Saturday, February 15, 2014

Olympic Costumes

Last weekend I went to Toronto for a social ice dancing weekend.  The event was Olympic themed since it took place during the first few days of the Olympics.  I traveled with two of my skating friends from the Ohio/Pennsylvania area and we decided to put together a group costume!  My skating partner had the idea to have the Olympic rings spread across three white sweatshirts.  Since I'm the crafty one, I took his idea and ran with it.

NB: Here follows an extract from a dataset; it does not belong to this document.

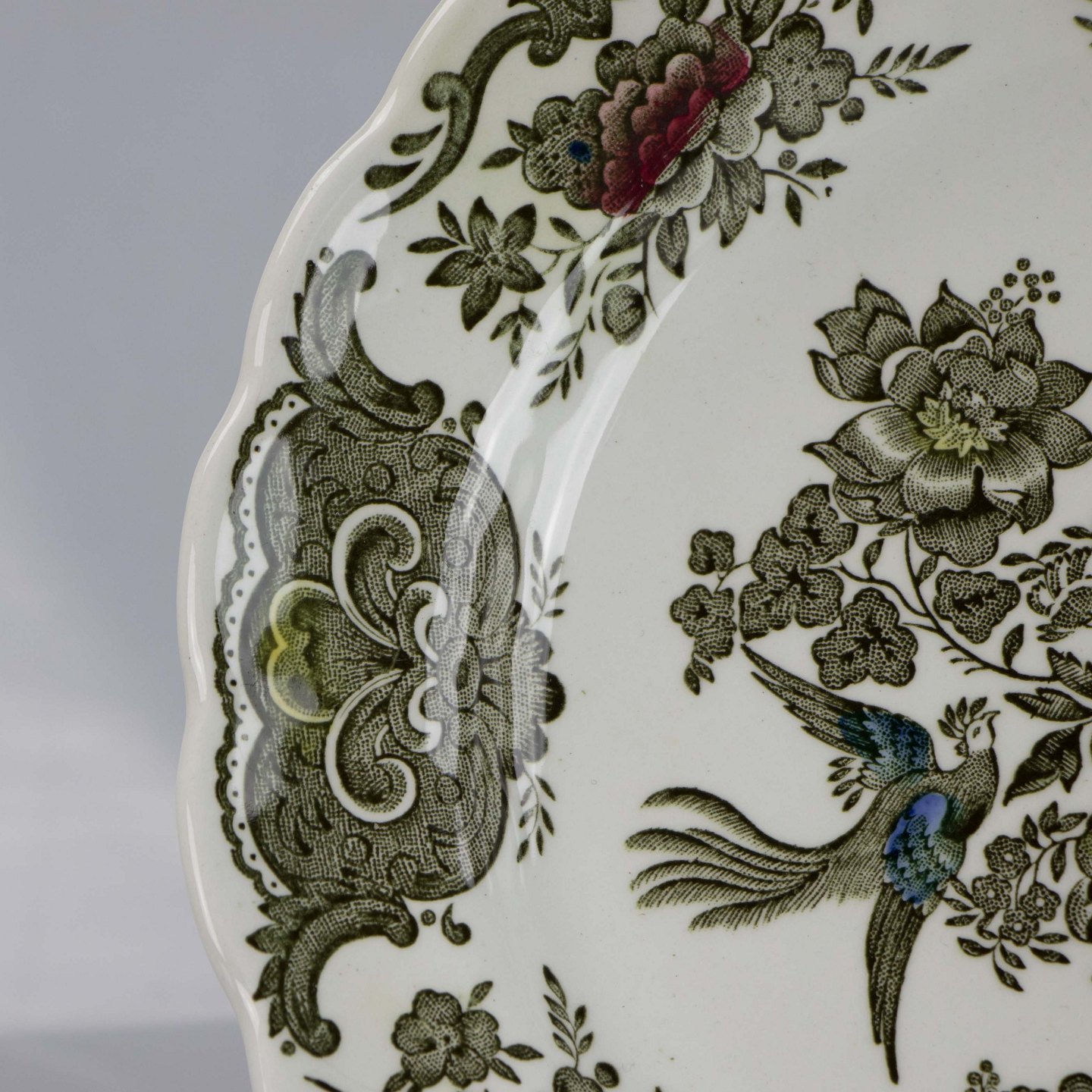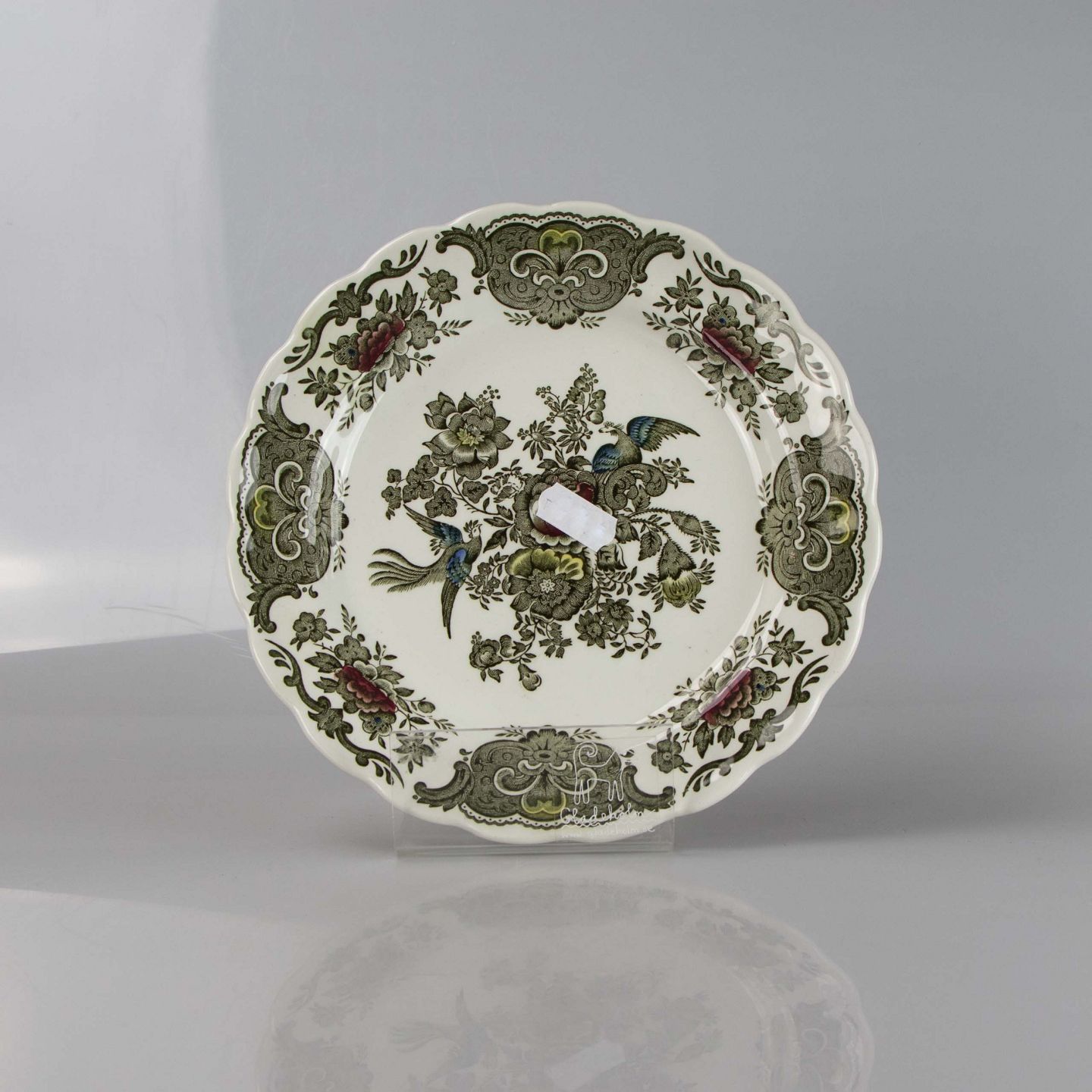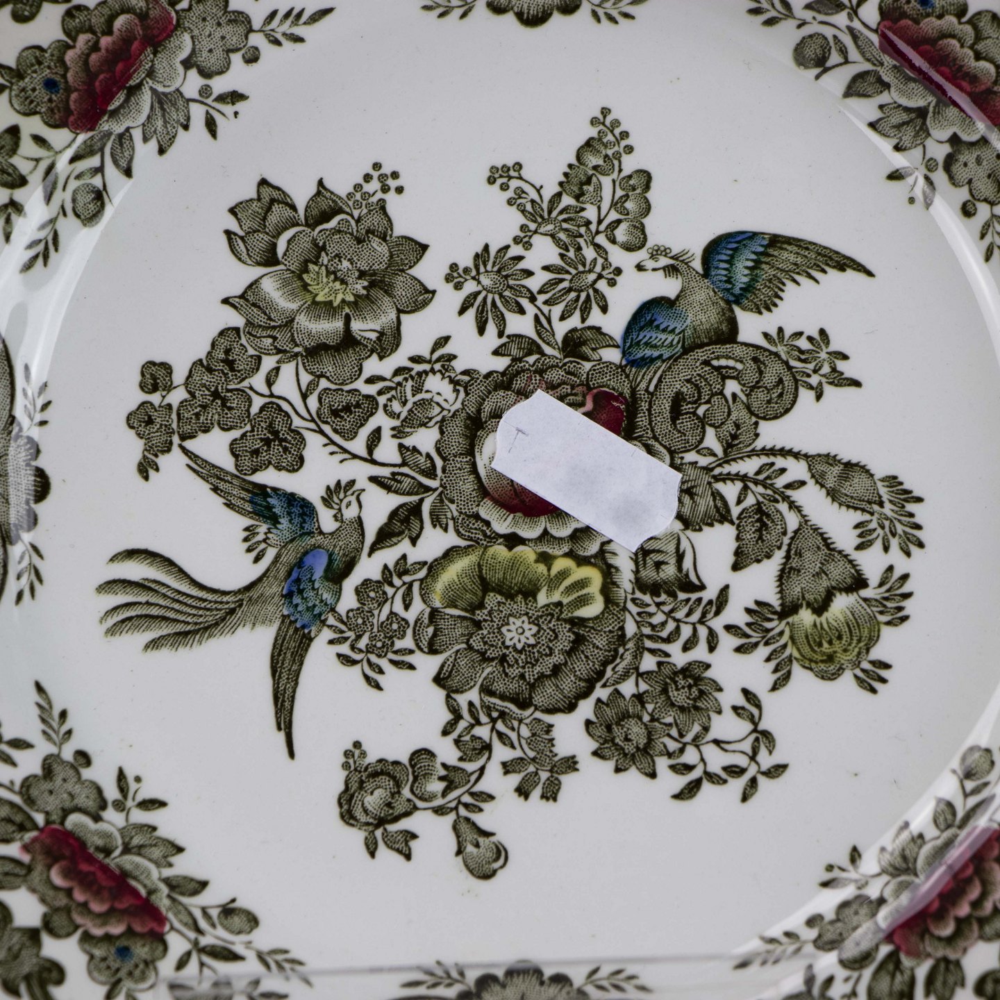 Tallerken i hvid fajance med multifarvet motiv af blomster og fugle.

I started out by getting three plain white sweatshirts (which turned out to be the hardest part of the whole process...) and figured out how much space I had on each shirt for decoration.  Then I cut a piece of freezer paper big enough to go over all three shirts.  (If you are unfamiliar with freezer paper stenciling, check out my other blog post about this technique.)  With a little bit of simple math I was able to figure out how big the rings needed to be.  So I set my drawing compass to make the correct size circles (in this case I think about 9 inches across, so 4.5 inches for the compass.)
I started by drawing the circle in the middle top row of the logo.  The other two circles in the top row are about an inch away from each other.  Each circle for the bottom row has the center halfway between two of the upper rings, and the top edge lines up with the center of the upper rings.  Once all the large circle were drawn, I set the compass slightly smaller (about half to 3/4 of an inch smaller.)  Then I put the point of the compass back in the same place for each circle to make sure the smaller circles were centered.  From there I erased a few lines and added a few lines to separate the different colored rings where they overlap.
The next step is cutting on the lines and getting rid of the "rings" (the part that will be filled with paint.)  I always cut my stencils with an x-acto knife because I'm a cutting ninja.  But you can also do the cutting with scissors if the shape is big enough. Then I cut the large piece into 3 sections, one for each shirt.  Freezer paper is great for stenciling because it can be ironed onto fabric and will peel off easily when you are done.  Sometimes ironing the stencil can be a little fiddly, especially when the stencil has small strips that can bend and get misaligned.  Then it is just a matter of painting the open spaces with fabric paint.  (Unfortunately, the photos are not very dramatic for this project since it is a white stencil on white fabric.)